Region aims to pioneer modern methods of construction to boost economic recovery

Steve Rotheram

Liverpool City Region has launched a programme that could make it a national centre of excellence for modern methods of construction for housing and related infrastructure.

The programme will develop cutting edge technology to retrofit existing homes and build new homes with new, state-of-the-art, methods of construction.

It is being developed in a collaboration between the Liverpool City Region Combined Authority, the Manufacturing Technology Centre (MTC), the Construction Innovation Hub, Peel Land and Property, Torus Group, Housing Associations, and industry partners.

The programme will aim to retrofit 10,000 homes over the next 10 years, bringing them up to at least the EPC (Energy Performance Certificate) ‘C’ rating for energy efficiency, as part of a post-COVID recovery stimulus package, while developing and upskilling the workforce by applying new methods and systems of refurbishments and construction.

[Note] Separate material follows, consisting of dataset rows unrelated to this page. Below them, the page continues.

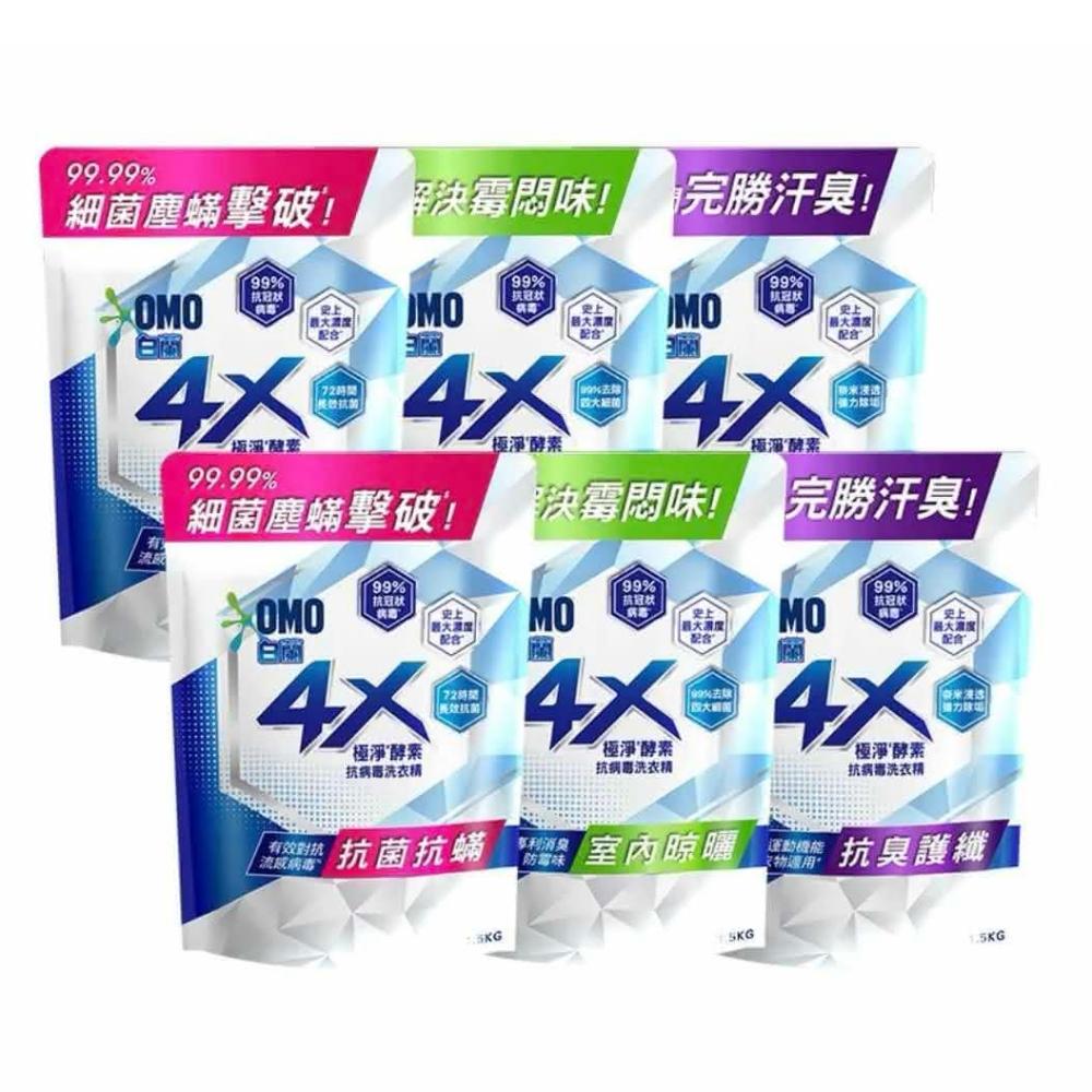 白蘭4X 極淨酵素 洗衣精 補充包1.5KG (抗菌抗螨 / 室內晾曬 / 抗臭護纖)
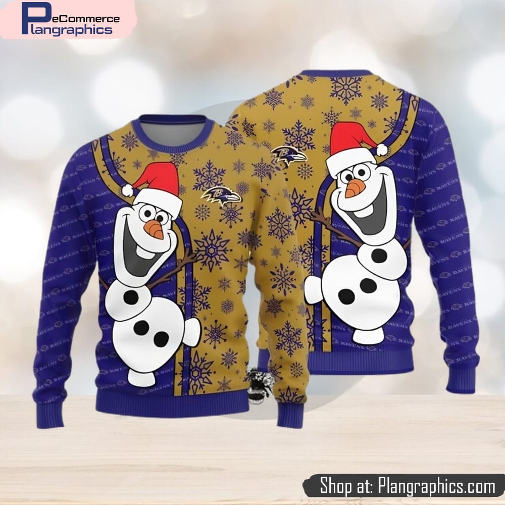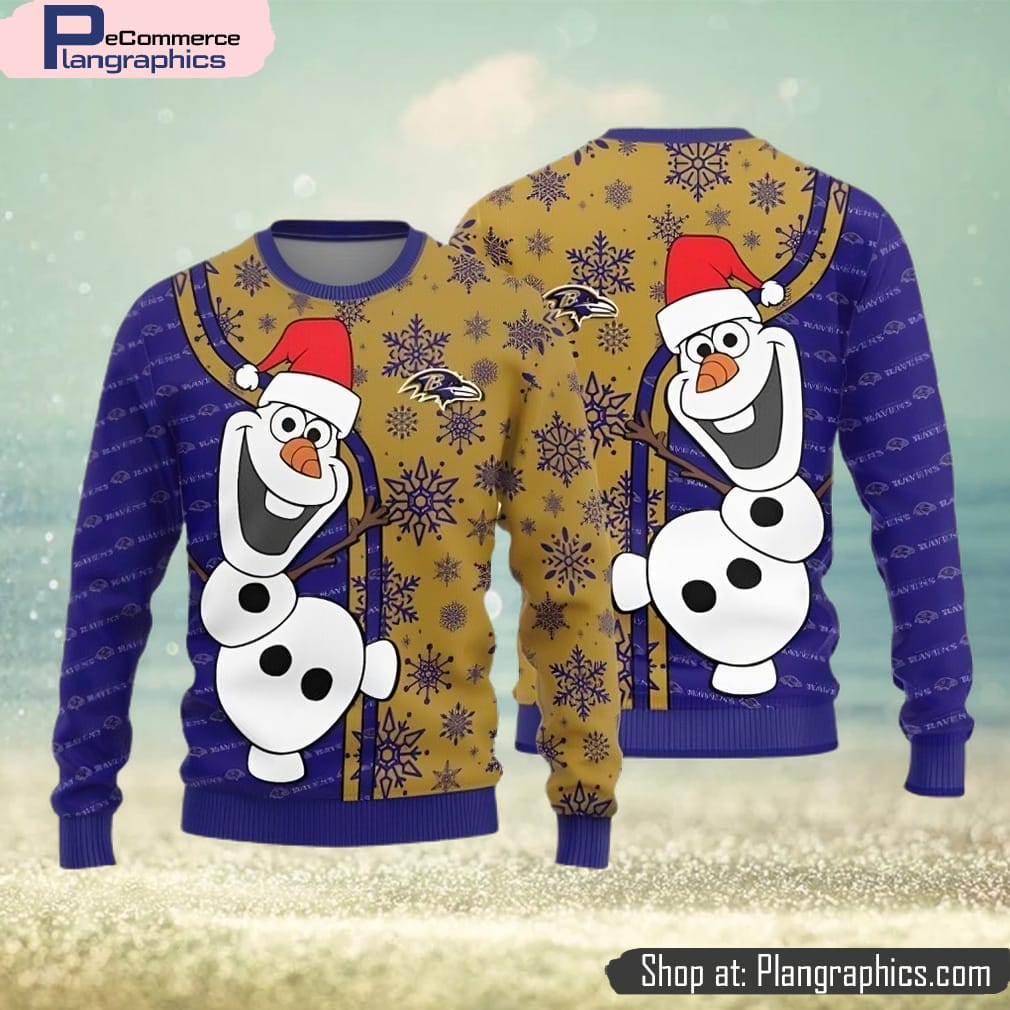 Baltimore Ravens Olaf Teams Funny Knitted Sweater For Christmas
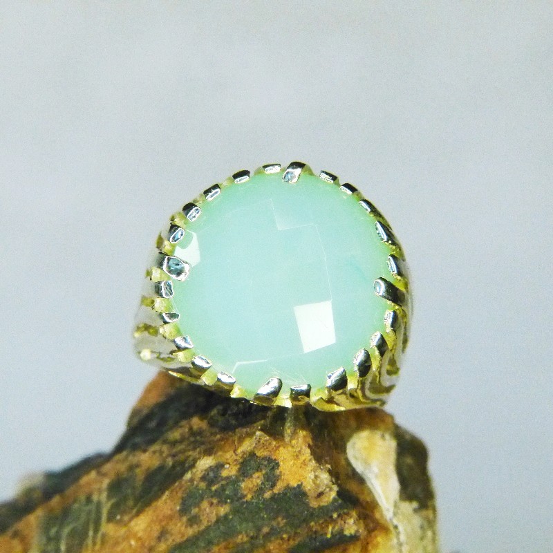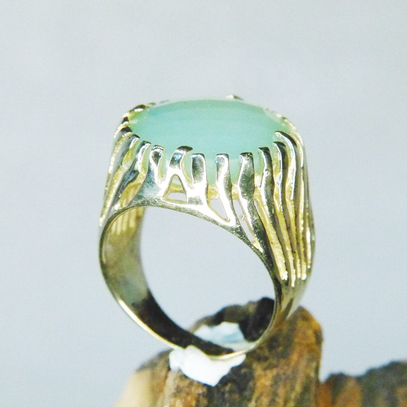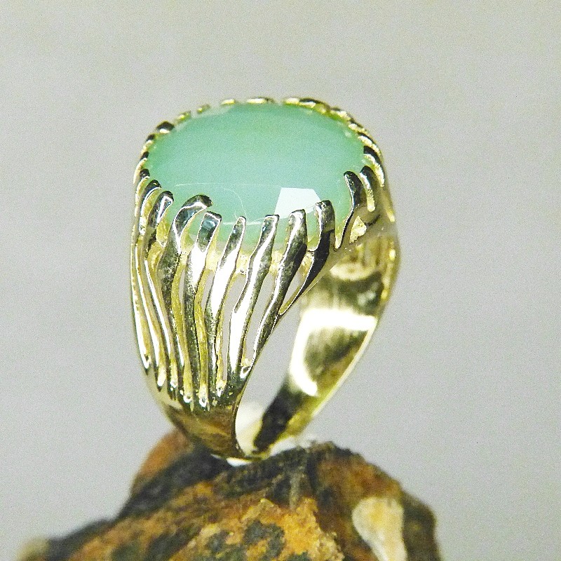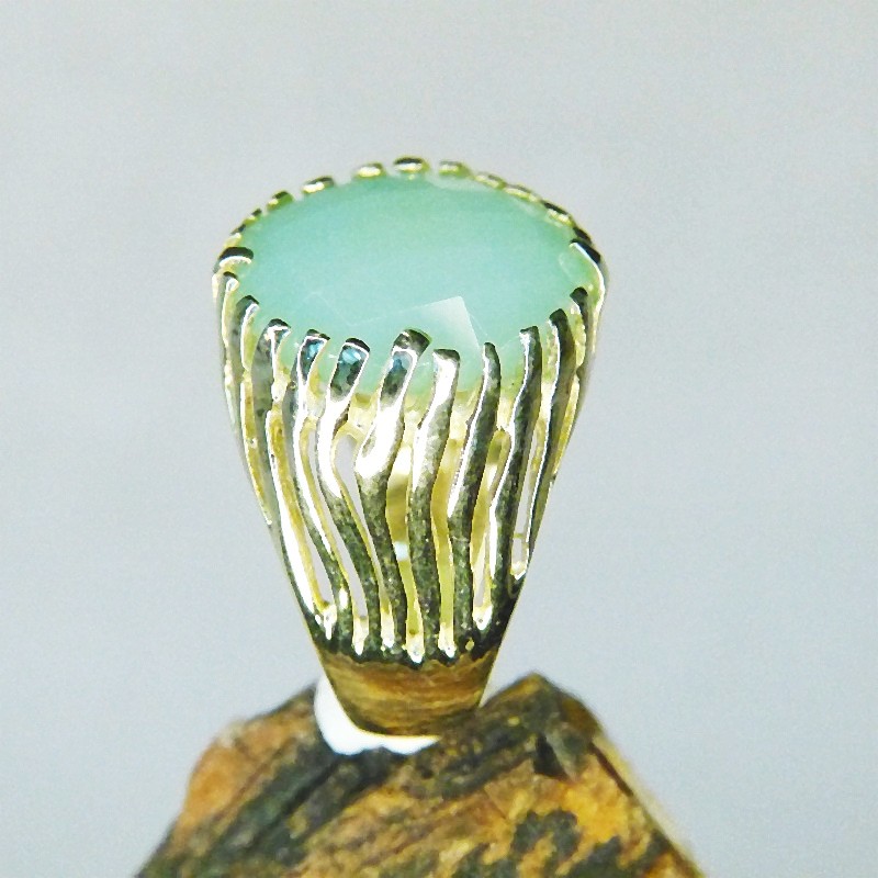 Schöner Ring aus vergoldetem 925/- Silber mit verspielten Ornamenten und einem grünlichen, facettiertem Chrysopras.
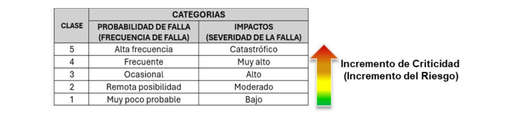 Según sea el nivel de impacto y la probabilidad de falla los subdividimos en categorías, que permiten agrupar estos impactos y frecuencias en un rango desde muy bajo o poco probable, hasta muy alto impacto o de muy alta probabilidad de ocurrencia.

Under the new build element of the programme, the MTC and LCR stakeholders have aggregated an initial pipeline of more than 6,500 homes to be built over 10 years.

At the same time, it will support the development and success of the modular, digitised manufacturing sector in the LCR, increasing productivity, ensuring a strong supply of employment opportunities across the supply chain, and supported by an apprenticeship programme.

Today’s announcement marks the beginning of the first phase of the LCR National Centre of Excellence in Modern Methods of Construction for Homes project, one of the key projects in the city region’s £9bn ‘Building Back Better’ economic recovery plan, launched in August.

The programme will focus on an initial pilot using a sample of Torus properties, which will provide insight and intelligence to inform a larger programme. Torus is a social purpose regeneration and housing group, the largest in the North West, where all profits are reinvested to build stronger communities.

Liverpool City Region Metro Mayor, Steve Rotheram, said: “Even in difficult times, our region is constantly looking for better ways of doing things.

“The Modern Methods of Construction project has the potential to be an industry leader in new and innovative ways of getting houses built and, I hope, help to tackle the UK’s housing crisis.

“This also has the potential to radically improve energy efficiency across the region through a comprehensive retrofitting scheme, which should not only address energy poverty in some of our poorest communities, but help us save the planet, too.

“Whilst we fight for existing jobs, especially in the hospitality sector, it is vital that we focus on pushing forwards in developing new sectors and skills that will bring us thousands of new jobs post-COVID-19.”

He added: “The past few months have been exceptionally difficult, but I am determined that our region will Build Back Better from them. I’ll be doing all I can to make our region greener, fairer and more resilient than before.”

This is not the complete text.